Fresh vica canned pumpkins
I've used both canned and fresh pumpkins. I always prefer doing things from scratch as I know exactly what's in there as I made it. The fresh pumpkin is obviously a more labor intensive but I would say works even better, depending on the variety of pumpkin that you use. Follow the steps that Nyleve provided. As an experiment one year I used a Halloween pumpkin and found it to be highly edible - as long as it is oven baked and not boiled.

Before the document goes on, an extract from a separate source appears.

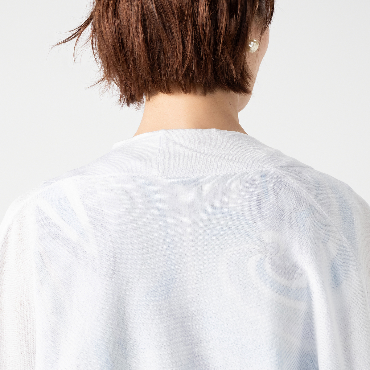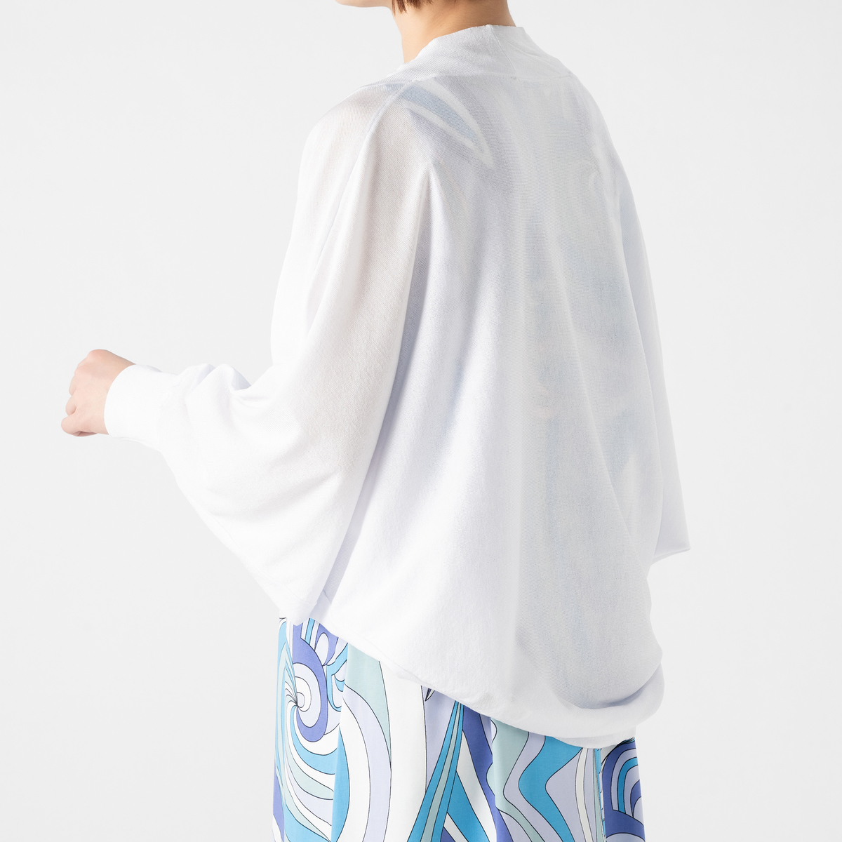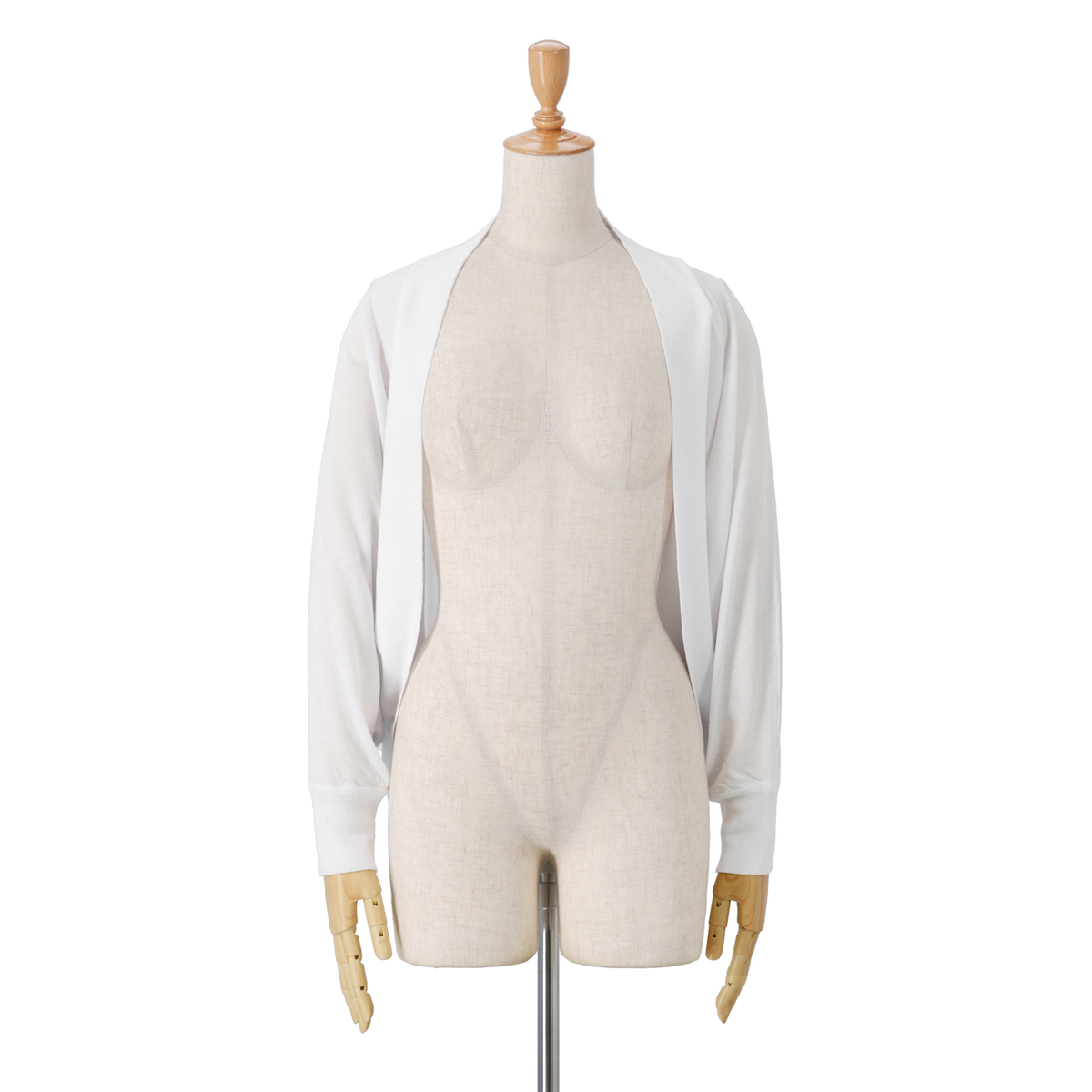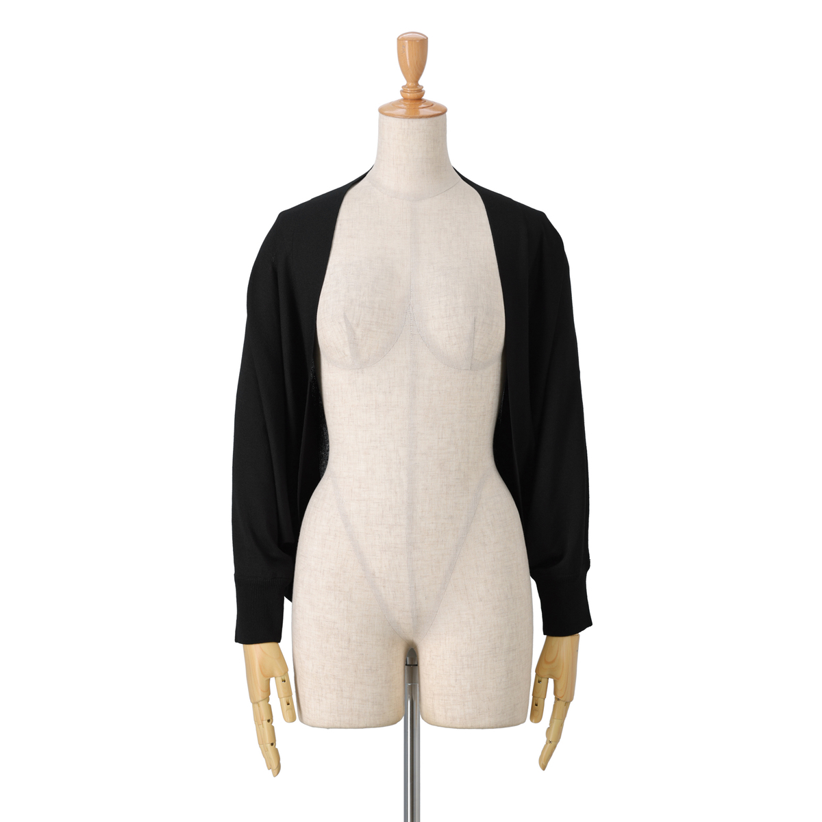 着流しタイプでゆったりしたシルエットのニットボレロ。ヒップトップを隠す程良い丈感で、上下逆さにしても着られる2WAYタイプ。ハイゲージで軽く、シアーな透け感が清涼感をプラスしています
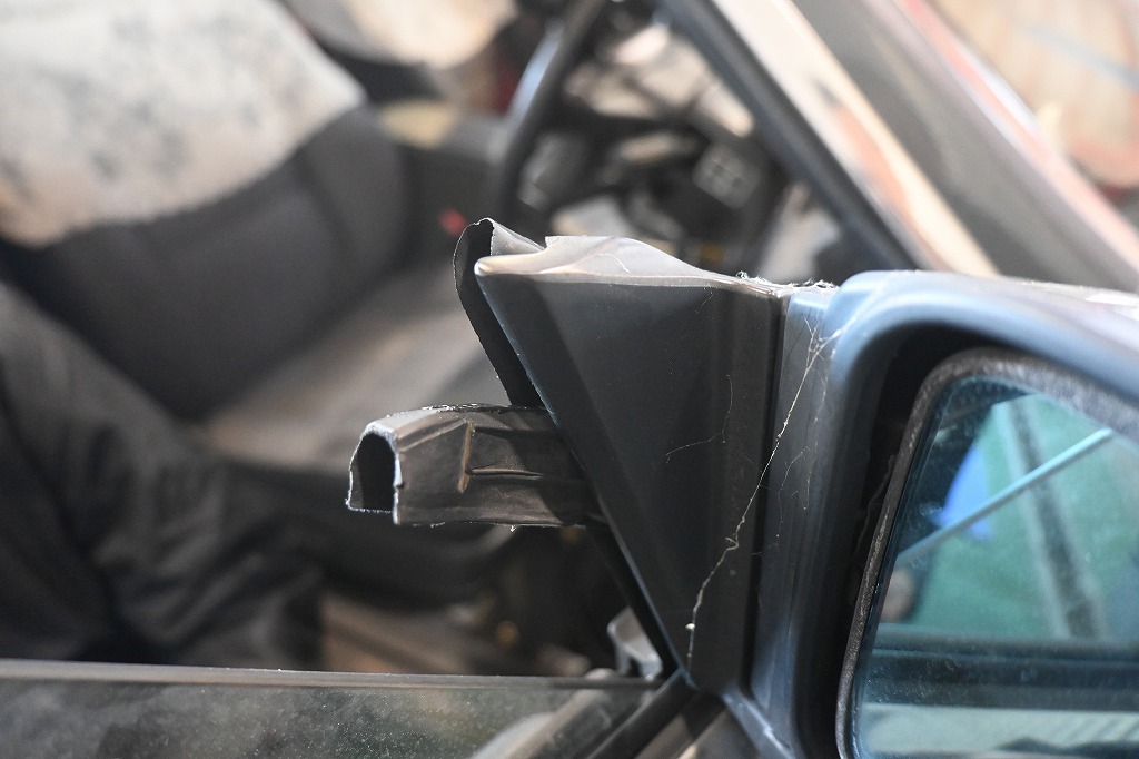 引き続き、ウエザーゴムの修理を行いました(^▽^;) ドアのウエザーゴムが経年劣化でボディからはみ出していました(^▽^;) パワーウィンドウに挟み込まない様にゴムを加工させて頂きました。 PS オーナー様(*^-^*)本日、僕もテスト走行を行いました。 運転サポートシステムでもテストを行いました。 サイドブレーキの効きが少し弱く感じました(^_^;) 今回の点検で問題は見付かりませんでした。 休み開けに再度テストを行います。

Depends on how much effort you want to put into it. I've always made puree from fresh pumpkins. I like the idea of it; I like the colour of the finished product; I like the flavour. It's also very cheap. I buy a couple of "pie pumpkins" (also known as sugar pumpkins - just small ones, smaller than a soccerball), halve them vertically, scrape out the seeds (save for toasting) and bake, cut-side-down, on large baking sheets until softish. Then turn over and bake cut-side-up until slightly dried out and very soft. Scoop out all the pulp and blend until smooth in a processor or a food mill. THEN - and this is the key part for me - I let the puree drain through a coffee filter (or filter-lined strainer) until thick. It's important for most recipes to use a thick puree. I save the liquid and add to soup, so it's not wasted. Usually I end up with enough puree to make a few pies and whatever is left I freeze in recipe-sized portions.
This isn't exactly labour intensive, but it does take a certain amount of time. Small pumpkins are usually cheap and I can generally get two pies from an average pumpkin. I really don't think there's anything very wrong with canned puree, but I've never used it because I like the whole concept of starting with an actual pumpkin.